Covariate selection and scaling

The covariate selection was done by extending the fixed-effects part of the FG1 model with the covariates as follows:

$$\alpha +{\zeta }_{m}+{\tau }_{i}+{\left(\tau \zeta \right)}_{im}+{\beta }_{1}{{x}_{1}}_{jm}+{\beta }_{2}{{x}_{2}}_{jm}+{\beta }_{3}{{x}_{3}}_{jm}+{\beta }_{4}{{x}_{4}}_{jm}+{\beta }_{5}{{x}_{5}}_{jm}+{\beta }_{6}{{x}_{6}}_{jm}$$

Parameters \({\beta }_{1}\) and \({\beta }_{2}\) are the coefficients of linear and quadratic terms for the scaled clay covariate, respectively, \({\beta }_{3}\) and \({\beta }_{4}\) are the coefficients of linear and quadratic terms for the scaled pH covariate, respectively, and \({\beta }_{5}\) and \({\beta }_{6}\) are the coefficients of linear and quadratic terms for the scaled humus covariate, respectively. The pH and humus covariates were standardised to mean 0 and standard deviation 1. The clay covariate was scaled as \((\mathrm{clay}-40)/10\) since this scaling resulted in non-negative variance estimates for the RC1 model. The fixed effect tests were adjusted with Kenward-Roger denominator degrees of freedom (Kenward and Roger 1997). If the F-test of a covariate effect was not significant at α = 5%, the covariate was dropped. The quadratic terms were tested first. The linear terms were tested linear only if the quadratic had to be dropped.
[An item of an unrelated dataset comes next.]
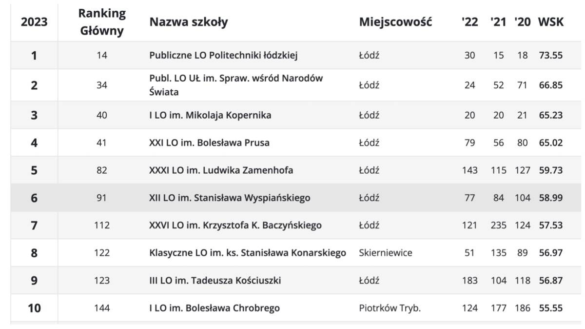 Pełny ranking dla województwa można znaleźć pod tymi linkami >>> ranking liceai technika

Predictions of genotypes in new locations

All models in Tables 1 and 2, which are special cases of Eq. 1, were fitted using the mixed model equations (MME) in Eq. 2 (Henderson 1950). The information used to estimate the G and R matrices in this MME are the records from the tested locations. Since the G and R matrices are unknown, they are estimated from the data via REML, producing estimates \(\widehat{\mathbf{G}}\) and \(\widehat{\mathbf{R}}\):

$$ \left[ {\begin{array}{*{20}c} {\mathbf{{X^{\prime}\hat{R}}}^{ - 1} {\mathbf{X}}} & {\mathbf{{X^{\prime}\hat{R}}}^{ - 1} {\mathbf{Z}}} \\ {\mathbf{{Z^{\prime}\hat{R}}}^{ - 1} {\mathbf{X}}} & {\mathbf{{Z^{\prime}\hat{R}}}^{ - 1} {\mathbf{Z}} + \hat{\mathbf{{G}}}^{ - 1} } \\ \end{array} } \right]\left[ {\begin{array}{*{20}c} {\hat{\mathbf{\beta }}} \\ {\hat{\mathbf{u}}} \\ \end{array} } \right] = \left[ {\begin{array}{*{20}c} {\mathbf{{X^{\prime}\hat{R}}}^{ - 1} {\mathbf{y}}} \\ {\mathbf{{Z^{\prime}\hat{R}}}^{ - 1} {\mathbf{y}}} \\ \end{array} } \right] $$

(2)

The solution for \(\widehat{{\mathbf{\beta}}}\), which is the empirical BLUE (EBLUE), is obtained via generalised least-squares

$${\left({{\mathbf{X}}}^{{\prime}}{\widehat{\mathbf{V}}}^{-1}{\mathbf{X}}\right)}^{-1}{{\mathbf{X}}}^{{{\prime}}}{\widehat{\mathbf{V}}}^{-1}{\mathbf{y}}$$

(3)

and \(\widehat{\mathbf{u}}\), the empirical best linear unbiased predictor (EBLUP) of \(\mathbf{u}\), is

$$\widehat{{\mathbf{G}}}{{\mathbf{Z}}}^{\boldsymbol{^{\prime}}}{\widehat{\mathbf{V}}}^{-1}({\mathbf{y}}-{\mathbf{X}}\widehat{{\mathbf{\beta}}})$$

(4)

McLean et al. (1991) discussed three types of inference space, i.e. the broad, narrow, and intermediate spaces. Estimates for these inference spaces are computed based on estimable functions \({\mathbf{K}}^{\mathbf{^{\prime}}}{\mathbf{\beta}}\), which are linear combinations of fixed effects only, and predictable functions \({\mathbf{K}}^{\mathbf{^{\prime}}}{\mathbf{\beta}}+\mathbf{M}\mathbf{^{\prime}}\mathbf{u}\), which consist of linear combinations of fixed effects and random effects \(\mathbf{M}\mathbf{^{\prime}}\mathbf{u}\). The matrix \(\mathbf{K}\mathbf{^{\prime}}\) consists of coefficients 1 and 0, where 1 indicates fixed effects needed in the estimable function, and covariate values for models that include covariates. The matrix \(\mathbf{M}\mathbf{^{\prime}}\) contains the coefficients 1 and 0 according to the relevant random effects in the predictable function, and covariates for the RC models. The estimable function results in the BLUE, while the predictable function results in the BLUP. The differences between three types of inference space are explained in the Appendix.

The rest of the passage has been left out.